Un scénario analogue se met en place pour la CCT du gros œuvre. Cette fois-ci, c’est la «task force» –Hasler, Gaillard, Deiss, etc.– mise en place en 2004 pour sceller la «sainte alliance» qui est mobilisée. Il s’agit d’obtenir d’ici la mi-juin la prolongation de cette CCT, pour une ou deux années. Vasco Pedrina, le coprésident d’Unia, le veut. Pour qu’Unia ait les mains libres en vue du 25 septembre. Les revendications, le rythme et la forme des «actions» sont soumis à cet objectif.

Pendant ce temps, sur les chantiers, la généralisation du travail temporaire et de la sous-traitance, le recours en nombre aux travailleurs détachés et aux faux indépendants sont en train de déstructurer complètement les collectifs de travail (on ne se connaît même plus), de briser les solidarités, de permettre une flexibilité sans borne, de faire que le dumping salarial et social devienne le mode de fonctionnement normal de toute la branche.

Seule une mobilisation collective, difficile et donc à construire sur la durée, ainsi qu’un vrai travail de revalorisation des droits fondamentaux des salarié·e·s pourraient inverser la tendance. Sans quoi, la prolongation de la CCT ne fera que retarder le moment où les entrepreneurs présenteront la douloureuse addition, sous la forme d’une mise à niveau du contenu de la CCT sur les pratiques déjà imposées sur les chantiers.

Fils à la patte

Mais, pour cela, il ne faudrait pas avoir le fil à la patte du OUI au «paquet» le 25 septembre. Un fil double en réalité. Il y a, premièrement, le néocorporatisme de la «sainte alliance pour l’ouverture à l’Europe», qui amène à jeter de la «poudre aux yeux» aux salarié·e·s.

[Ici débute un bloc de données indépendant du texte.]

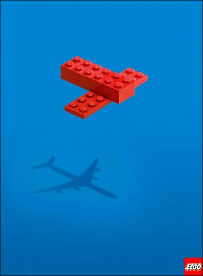 こちらは以前も紹介したレゴの広告ですね。「子供のめにはレゴで出来たこんな形が飛行機にみえます」というクリエイティブな広告です。
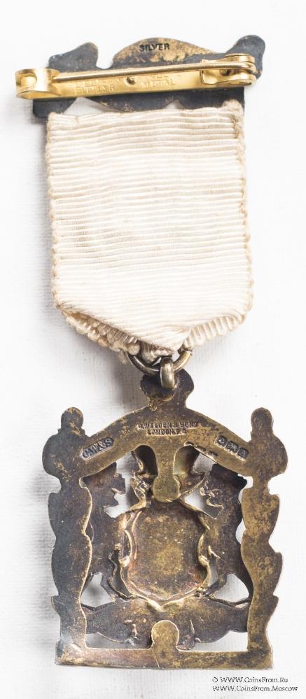 Цвет ленты белый. В центре ленты медальон в форме малого герба в виде щита с красным драконом на зелёном поле - символ Уэльса. (Страна, одна из четырёх главных административно-политических частей Соединённого Королевства Великобритании и Северной Ирландии, в прошлом конгломерат независимых кельтских королевств. Уэльс расположен на юго-западе Великобритании). Верхняя колодка в виде ленты сине-белой эмали с надписью STEWARD 1926 и булавкой для ношения с обратной стороны. В низу лента непосредственно, без металлической колодки, соединена с кольцом знака.
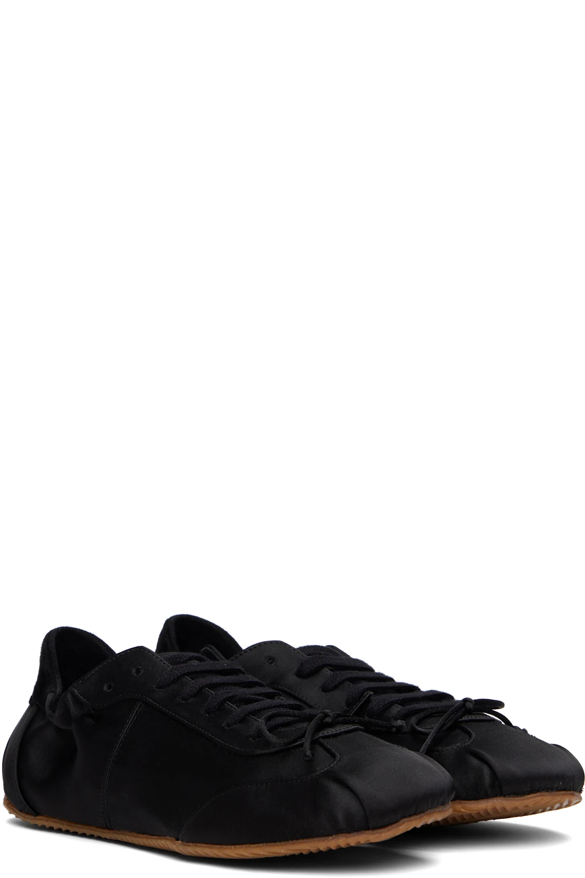 Low-top satin sneakers in black.
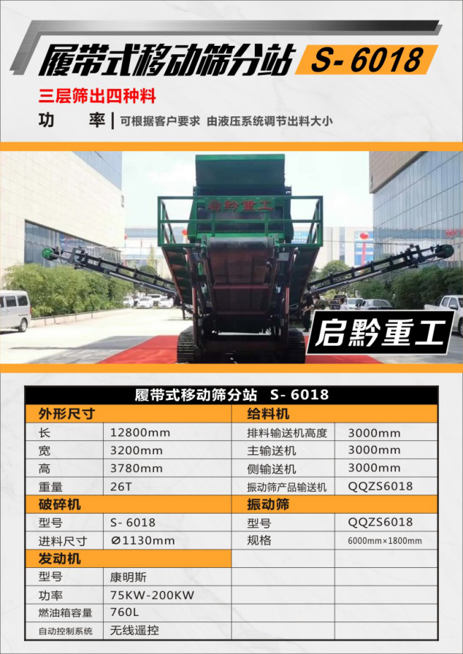 QF-6018移動式的分站有三層篩網(wǎng),可選出四種規(guī)格的合格料,并配備有一個細(xì)料產(chǎn)品膠帶機(jī)和三個側(cè)膠帶機(jī),所有膠帶機(jī)均可壓折,可整體運(yùn)輸。投制系統(tǒng)和動力強(qiáng)勁的康明斯柴由發(fā)動機(jī),使其成為各種精細(xì)分類分工藝流理中的理想設(shè)備新型發(fā)動機(jī)在優(yōu)秀的液壓系統(tǒng)的輔助下,對實現(xiàn)較油效率,同時便于維護(hù)保養(yǎng)。自動控制系統(tǒng)可一鍵式啟動,并可使主機(jī)與其系列破碎篩分站進(jìn)行聯(lián)鎖可互換篩網(wǎng)不僅能夠快速應(yīng)不同途,現(xiàn)場更換也十分便捷,并可節(jié)省庫存成本,維修平臺為標(biāo)準(zhǔn)配置,可提高維護(hù)保養(yǎng)的安全性。高品質(zhì)組造工藝,可保無故障運(yùn)行。利用無線遙控可調(diào)整分機(jī)的配置 滿足您的特定需求,包括與其他破碎篩分站聯(lián)合作業(yè)的團(tuán)結(jié)作業(yè)

Mais il y a aussi les nœuds coulants tressés au sein même d’Unia. La composante FTMH d’Unia est historiquement subordonnée au patronat de l’industrie des machines (Swissmem). Aujourd’hui, elle s’est tellement affaiblie –elle est devenue minoritaire face aux autres organisations de salarié·e·s: VSAM et Syna– qu’elle n’a plus guère que sa docilité à faire valoir pour être encore prise en considération par Swissmem. Le renouvellement de la CCT de l’industrie des machines, dont les négociations débuteront en août, en fera la démonstration. Or, pour Swissmem, les bilatérales et la libre circulation sont décisives: pour accéder à des marchés d’exportation ainsi qu’à une main-d’œuvre qualifiée et bon marché. La composante FTMH d’Unia n’acceptera dès lors jamais qu’Unia dise NON au «paquet» le 25 septembre. Et la composante SIB d’Unia se retrouve ligotée…

Les deux évènements majeurs de ces derniers mois pour les syndicats en Suisse –la création d’Unia et le soutien au «paquet»– conjuguent ainsi leurs effets. Les directions syndicales ont «vendu» ces choix comme devant renforcer les salarié·e·s et leurs droits. Ils sont en réalité en train d’étendre la subordination de la défense des intérêts ouvriers aux priorités patronales. A moins que les débats de ces prochaines semaines et qu’un NON le 25 septembre ne jettent un grain de sable dans cet engrenage, fait pour broyer l’organisation collective des salarié·e·s dans ce pays.